[Exercise aim]
The needed output is the run of lines below from the one containing "Androidスマートフォン→設定And" through the one containing "Comparison of PKD", copied exactly and free of pictures.

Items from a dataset

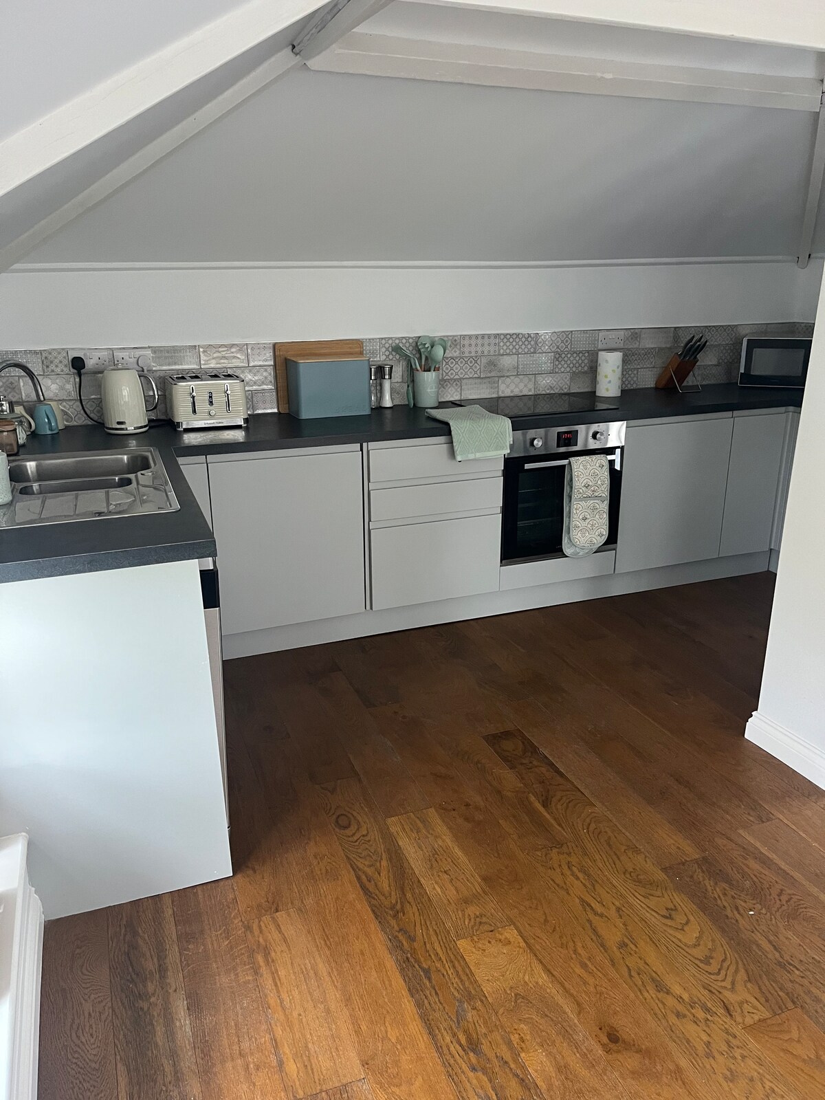 Un apartament în mansardă înrămat de stejar este deasupra unui garaj mare, care este accesat pe scări cu un balcon pentru scaune la nivelul copacilor. Spațiul nu este atașat la casa noastră și are acces separat. Acoperișul înclinat oferă apartamentului un sentiment de spațiu și lumină, cu încălzire prin pardoseală. Spațiul exterior este ideal dacă vrei aer curat. Ne aflăm într-o locație rurală, fără dotări, deși cel mai apropiat sat este la numai 2 mile distanță. Am primi cu brațele deschise toți vizitatorii, dar nu acceptăm copii.
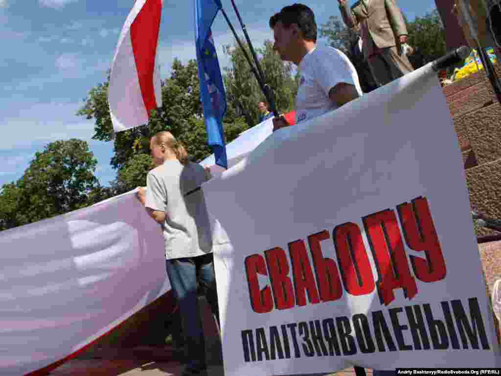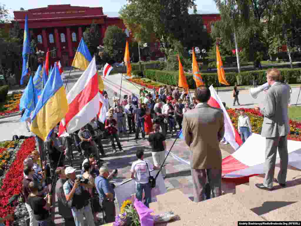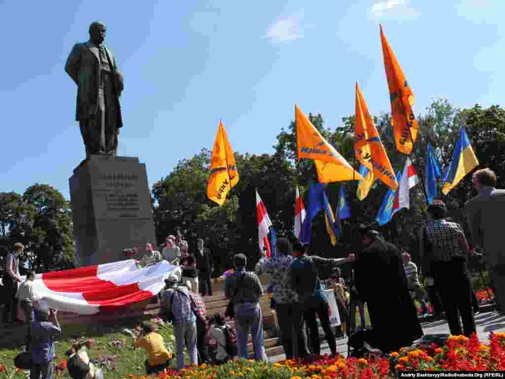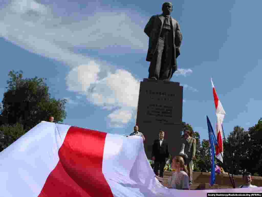 У Києві біля пам'ятника Тарасові Шевченку білоруська громада відзначила 20-річчя проголошення незалежності Білорусі.
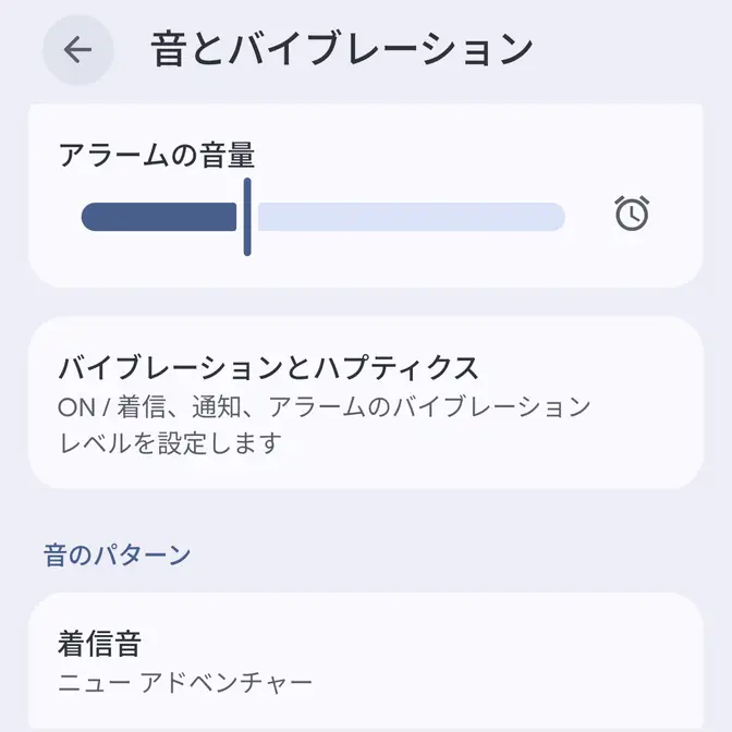 Androidスマートフォン→設定Androidスマートフォン→音とバイブレーション
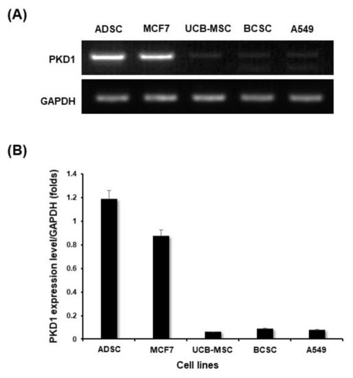 Comparison of PKD expression level according to each cell line. (A) The expression level of the PKD1 gene was confirmed by RT-PCR using mRNA extracted from each cell in the transcript level; (B) Quantitative values of PKD1 expression were normalized by GAPDH.
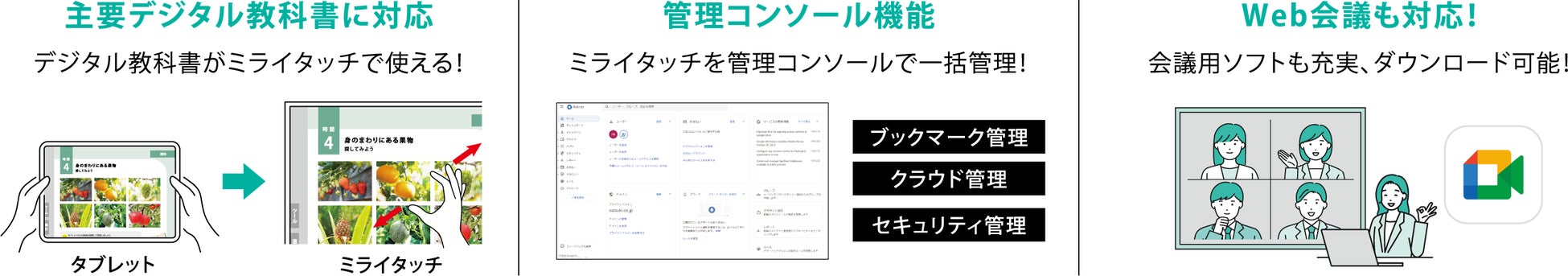主要デジタル教科書への対応や、管理コンソールでの一括管理、Web会議の利用など、授業をはじめ様々な場面で活用できる機能を搭載しています。
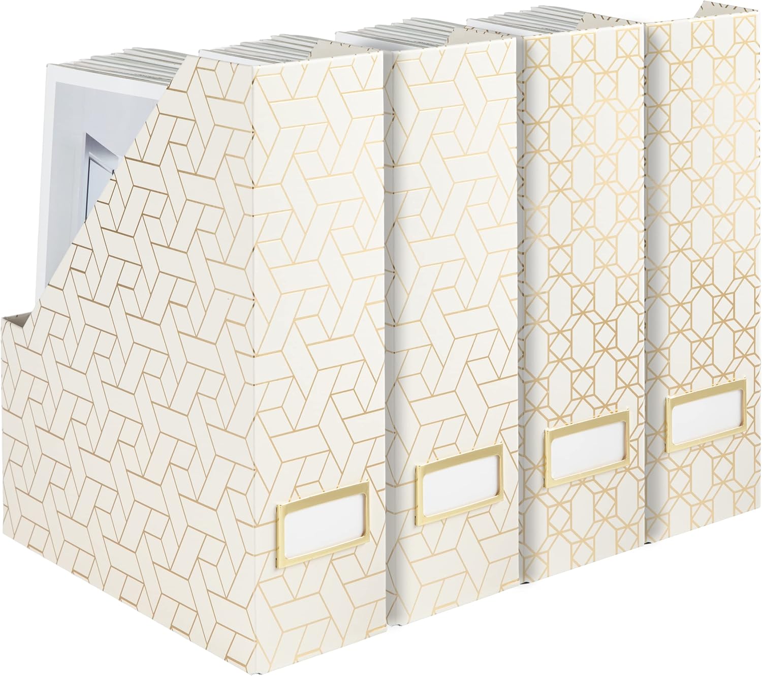 - Stylish Cream & Gold Design: Set of 4 foldable magazine holders featuring an elegant cream color with a gold woven design, adding a vintage touch to your office décor and storage solutions.

[Exercise solution]
 Androidスマートフォン→設定Androidスマートフォン→音とバイブレーション
 Comparison of PKD expression level according to each cell line. (A) The expression level of the PKD1 gene was confirmed by RT-PCR using mRNA extracted from each cell in the transcript level; (B) Quantitative values of PKD1 expression were normalized by GAPDH.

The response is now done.